Türkiye’deki siyasal süreç, demokrasi süreci bir seçime odaklanacak kadar basit bir süreç değil. 82 milyon insan yaşıyor bu ülkede ve özgürlüğünden besleniyor. Demokrasiye, adalete olan inancından besleniyor. Elbette kırılganlıklar yaşanıyor, elbette zafiyetler oluşuyor dönem dönem. Bunların asla düzelmeyeceğini düşünmek, her şeyin bittiği bir an demektir. Ben kazanmayı bildiği kadar kaybetmeyi de bilen bir siyasetçiyim. Bugün de nasıl yeniden başlanacağını iyi bilen birisiyim. Bu süreç bizi başarıya kavuşturacak, onu da görüyorum.

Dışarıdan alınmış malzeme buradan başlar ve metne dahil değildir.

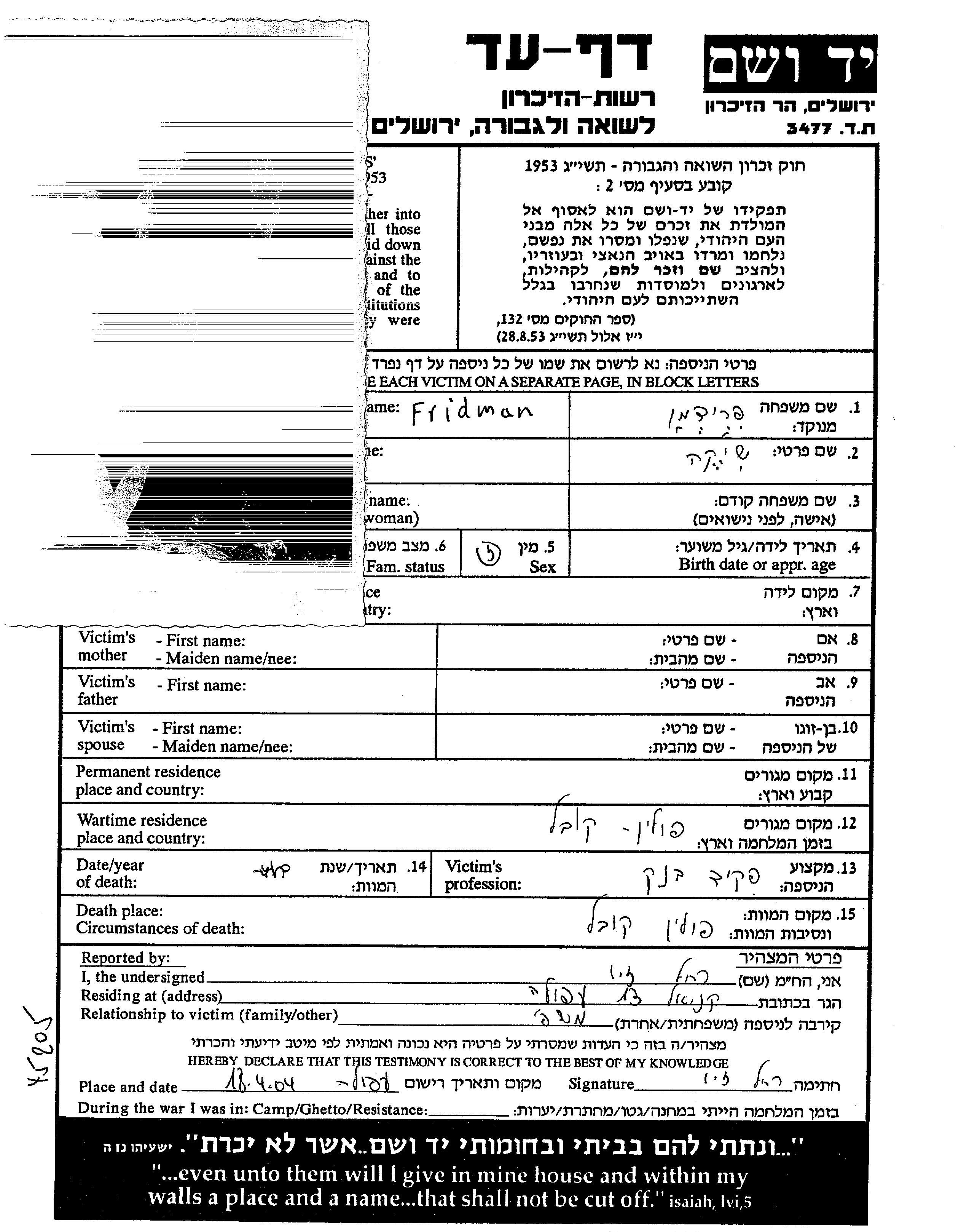 Shika Fridman. Er war Bankangestellte/-r. Vor dem Zweiten Weltkrieg lebte er in Kowel, Polen.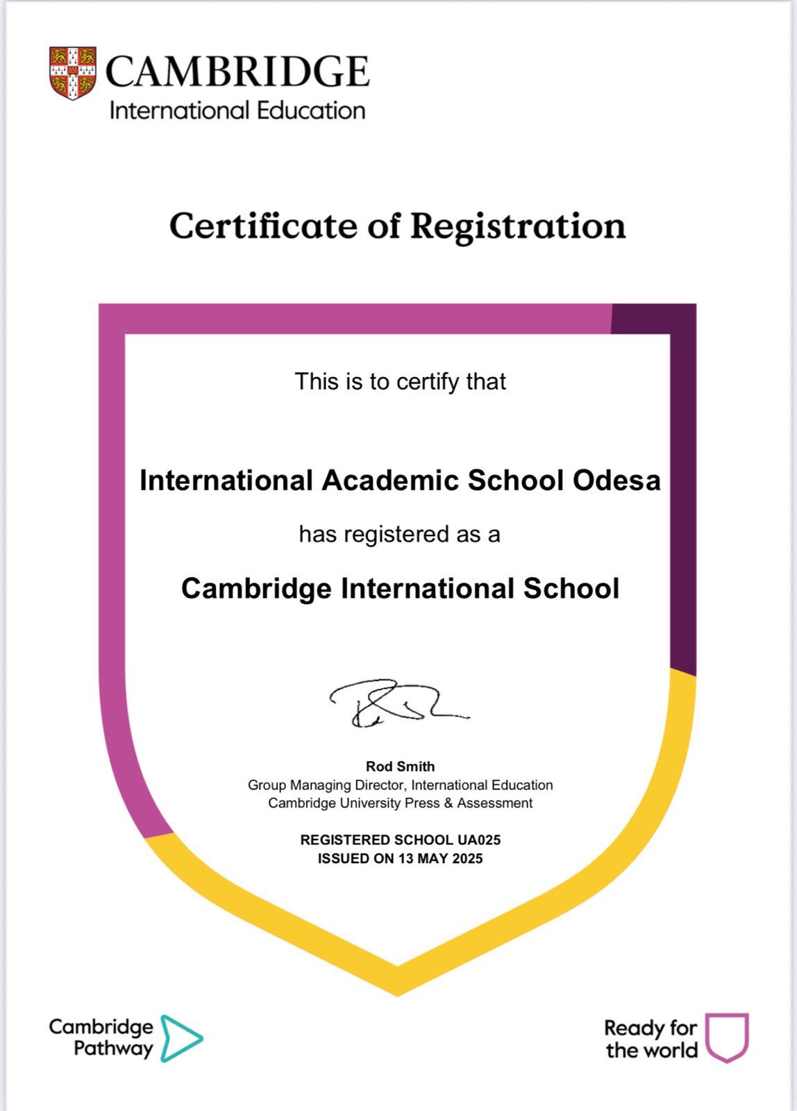 Кваліфікації Cambridge, такі як IGCSE та A-Level, визнаються у 160 країнах. Випускники Міжнародної академічної школи "Одеса" вступають до престижних вишів на рівні із випускниками шкіл Великої Британії, США, Канади, Австралії та Німеччини.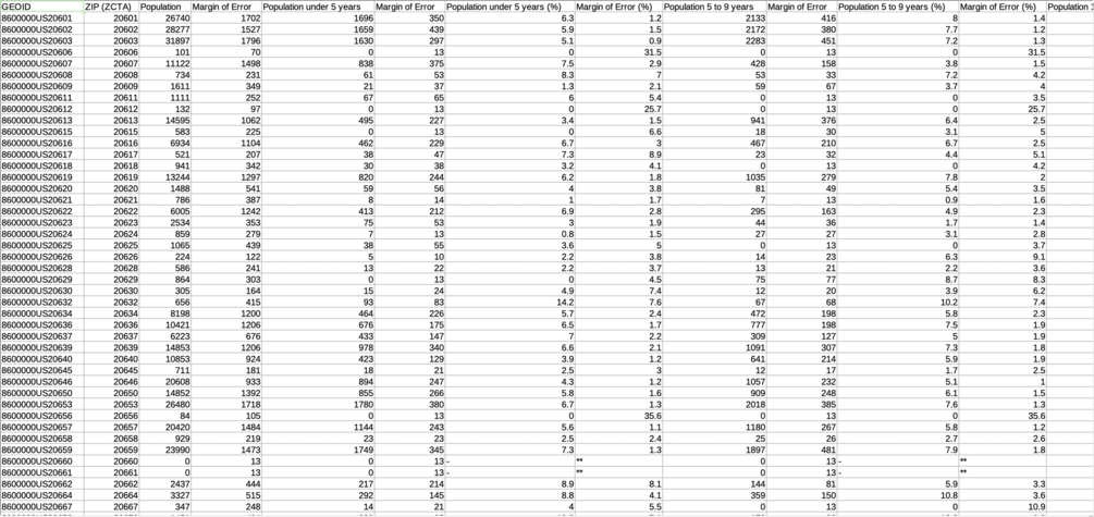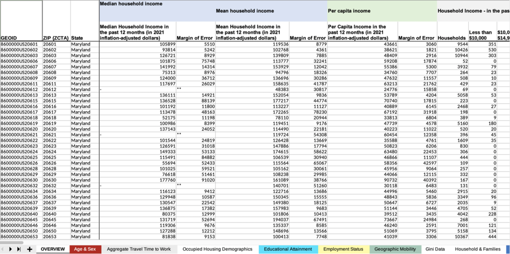 Censtats: Maryland (2021) offers a curated and pre-formatted collection of data sourced from the United States Census and the American Community Survey's 5-year estimates for 2021. This data comes in the form of a comprehensive XLSX file as well as individual CSV and JSON files.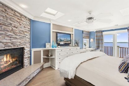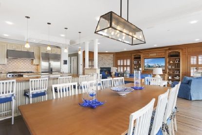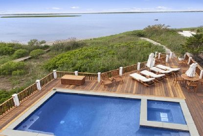 This spectacular water front home has extraordinary sunset views overlooking Moriches bay and sits at the end of a long winding driveway off Dune Road. A wide entry foyer brings you to an oversized great room with fireplace, large open chefs kitchen and dining area. Custom details are evident throughout. French doors open to a waterside deck surrounding a heated gunite pool and spa with water views from every vantage point.. With a total of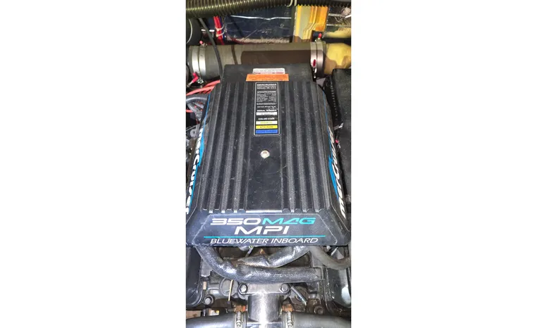 Freshwater/Great Lakes boat since new, this vessel features Twin MerCruiser 350 MAG Blue Water 300-hp Gas Engines with 1097 original hours. Notable features include but are not limited to the following: Air-Conditioning & Heat (1-Units), Head (Vacuflush) w/Vanity/Sink/Stall-Shower, Electronics Package (VHF Marine Radio, Garmin Chartplotter, Canvas Package (Bridge Enclosure & Aft Deck Enclosure), and MUCH more!

Herkes konuşsun, dediniz. Bununla birlikte sanatçılardan, iş dünyasından sesler çıkmaya başladı. Bunun dışında eski Cumhurbaşkanı Abdullah Gül, eski Başbakan Ahmet Davutoğlu gibi siyasetçiler karara dair tepkilerini daha net bir biçimde dile getirdiler. Bunları siz nasıl değerlendiriyorsunuz? Sizin çağrınızla oldu.
Tabii ki toplum konuşmalı. Bahsettiğim bu süreç benim şahsi sürecim değil ki. Ben Türkiyem için, İstanbul için, demokrasi için mücadele ediyorum. Bu aslında toplumun bağımsızlığı, özgürlüğü, çocuklarımızın iyi yetişebilmesi, iş insanının ürettiğini satabilmesi, varlığının kendi varlığı olduğuna inanabildiği bir ortamın olması anlamına geliyor. Hak, hukuk, adalet duygularının var olduğu anlamına geliyor. Bütün bu mücadele bunun için. Bu herkesi ilgilendiriyor. Ben bu sürece önderlik ediyor olabilirim ama sanatçısı da, memuru da, öğretmeni de, iş insanı da herkes konuşacak. İşçisi, ev kadını, emeklisi de konuşacak. Böyle olduğu takdirde bahsettiğiniz kaygıları 23 Haziran’da asla yaşamayız.
İstanbul’da bir kadın devrimi vaat ettiniz. Seçildikten sonra mı, seçim kampanyası başladıktan sonra mı, kadınları nasıl katmak istiyorsunuz bu demokrasi mücadelesine?
Kesinlikle... Bir kere her ortamda kadınlar da olacak kesinlikle ama esas olan yönetirken de kadınlar olacak. Bu konuda özel bir çabamız var. Türkiye’nin, İstanbul’un iyi yetişmiş kadınlarına fırsat verilmediğini düşünüyorum. Şu anda da bu mücadeleyi verme konusunda en ön safta, en inançlı kitlenin kadınlar olduğunu görüyorum. En başta anneler, hatta büyükanneler, anneanneler, babaanneler... Ben şöyle bakıyorum, bir annelik duygusuyla tehdidi önceden sezme ya da kaygıyı önceden hissetme ile sürece olan inancını büyütme olarak tanımlıyorum. Bu bakımdan bu sürecin başarısında gerçekten kadınların çok büyük katkısı olacağını hissettiğim için kadın devrimi olarak tanımladım.